Ballast

Not me, my helper. And not running, just walking. The ballast shifted, he slid a little sideways on a very gentle slope, heard a loud pop from his knee, and tried to take another step, went flat on his face.

I twisted my ankle on the stuff about a week later, had to stay off of it for almost a month. They got the hint, two leg injuries in a month on the same lead within 50 feet of each other. They levled the slope, took up the big rocks, and replaced it with 1" and less ballast, mixed with chipped shale.

A lot easier on the feet and ankles.
Stay Frosty,
Ed

To the unitiated:

IF you walk around in loose ballast all day, the next morning everything from the thighs down is screaming in agony. The next morning, you look and feel like Tim Conway’s “little old man” routine. If you don’t have a good pair of work shoes, you don’t make it through the day. I set the table for Ed to reply and he did so magnificently. It’s not only the tripping issue. Ed works in a different world than most of us and does so safely (It isn’t as easy as it appears). There are a whole bunch of considerations in play when you elect what size of ballast to put down. (Mainline (3.5 in), Yard (1.5 in), Chips (0.75 in) or screenings/waste (fines) ballast all have uses, what nobody wants is mud!)
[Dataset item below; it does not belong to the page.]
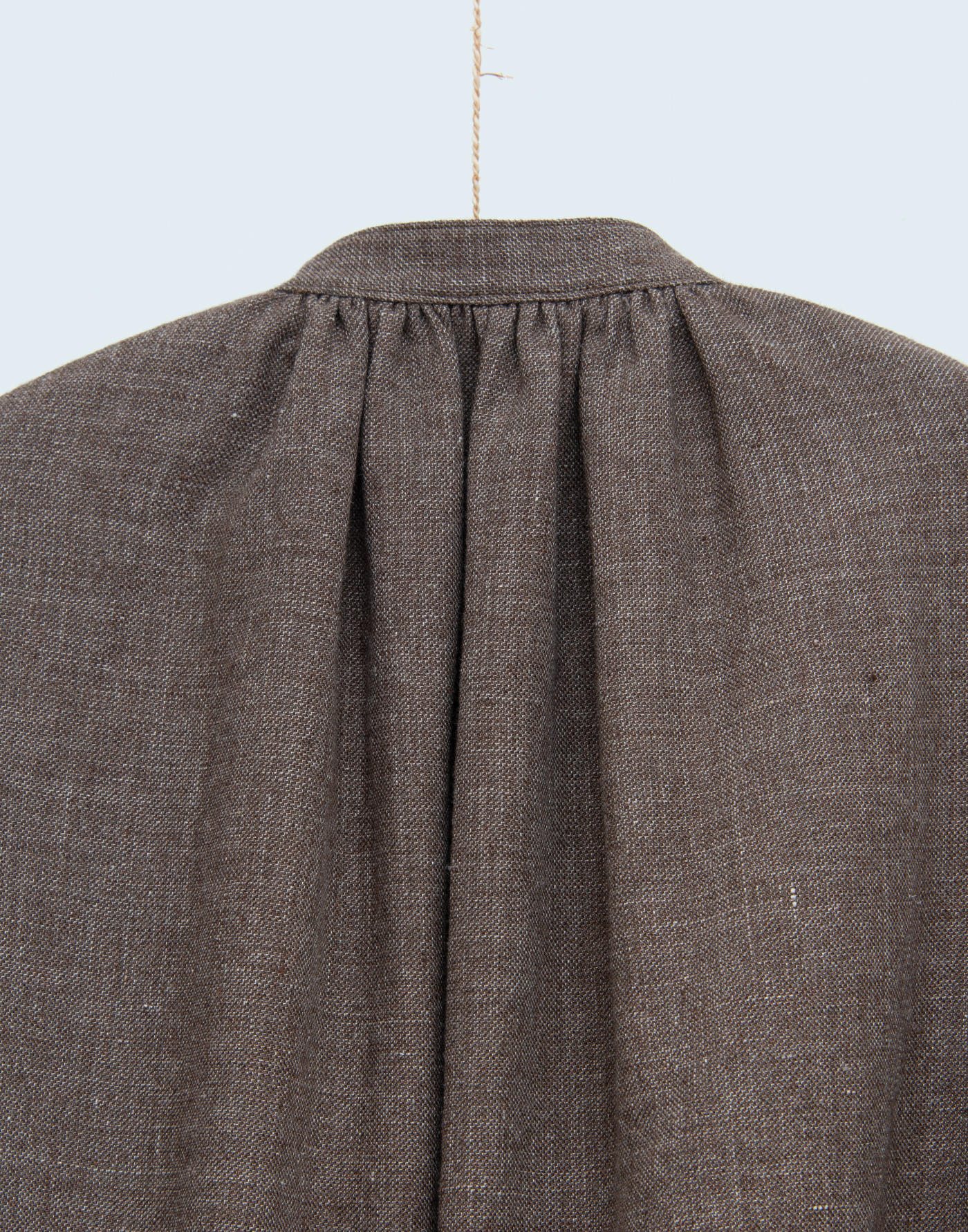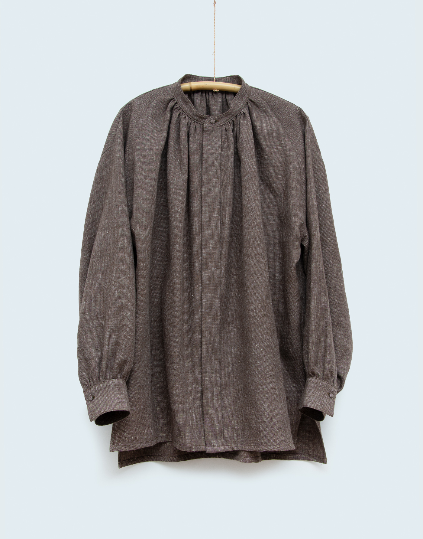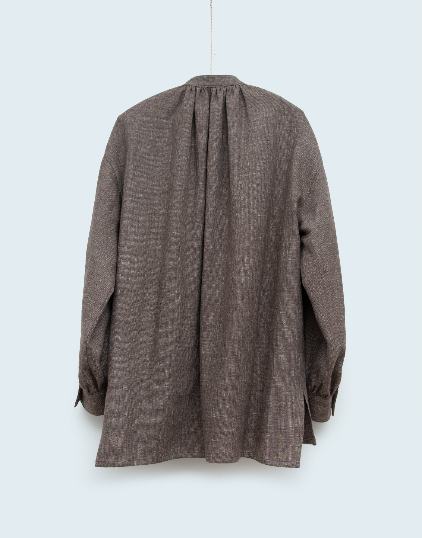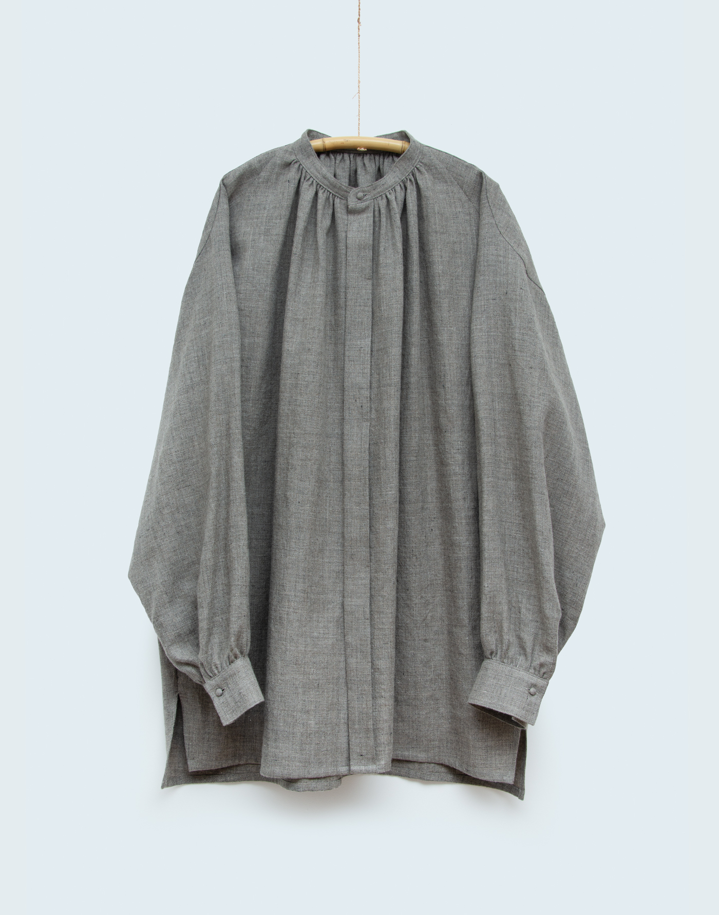 Linen wool sharkskin with a beautiful vintage look and feel. Classic shirts with gathers at the back of the neck. Wool 52%, Linen 48% Size: 0 Length 71 / Width 54 / Cuff from front neck point(through Shoulder point) 74 Size: 3 Length 82.5 / Width 59 / Cuff from front neck point(through Shoulder point) 85 Size: 4 Length 84 / Width 60 / Cuff from front neck point(through Shoulder point) 86 *cm |

We all jumped for joy about 15 years ago when the FRA REQUIRED formal toe paths at each switch for a complete train length. 3/4 minus on top of #3. YES!!

In 1975 blew all of the cartlege in my right knee, shortened my leg about 2 inches. 1/2 body cast for 6 months. Walking on #3 beside a cut on single track is NOT FUN! Got the handle of “Sawout” because I made the hog head saw me out instead of walking on that slope.

I do not know if this has anything to do with ballast. They are putting in a second track in between Antioch and Wheeling. The problem is they are running into pure black dirt. They have to dig it up and put down clay. Pure black dirt is bad for a rail bed for it absorbs water and holds it. The clay is layed then watered down. The sun bakes it. I talked to one worker he told me it gets hard as concrete. Darn us Illinios people with are pure black soil. (We would ship it to Nebraska but it would only blow back.)
TIM A

Ah Tim - you are so right! We have so much clay here in Lincoln, they ought to put in more tracks! You grow the corn and we will run the trains! Great trade-off!

Jen

PS - the wind has actually been a little better here this year. Not nearly as many 'bad-hair days".

Tim: Send it (black topsoil) to Colorado. Tired of trying to grow anything in brick with little or no water.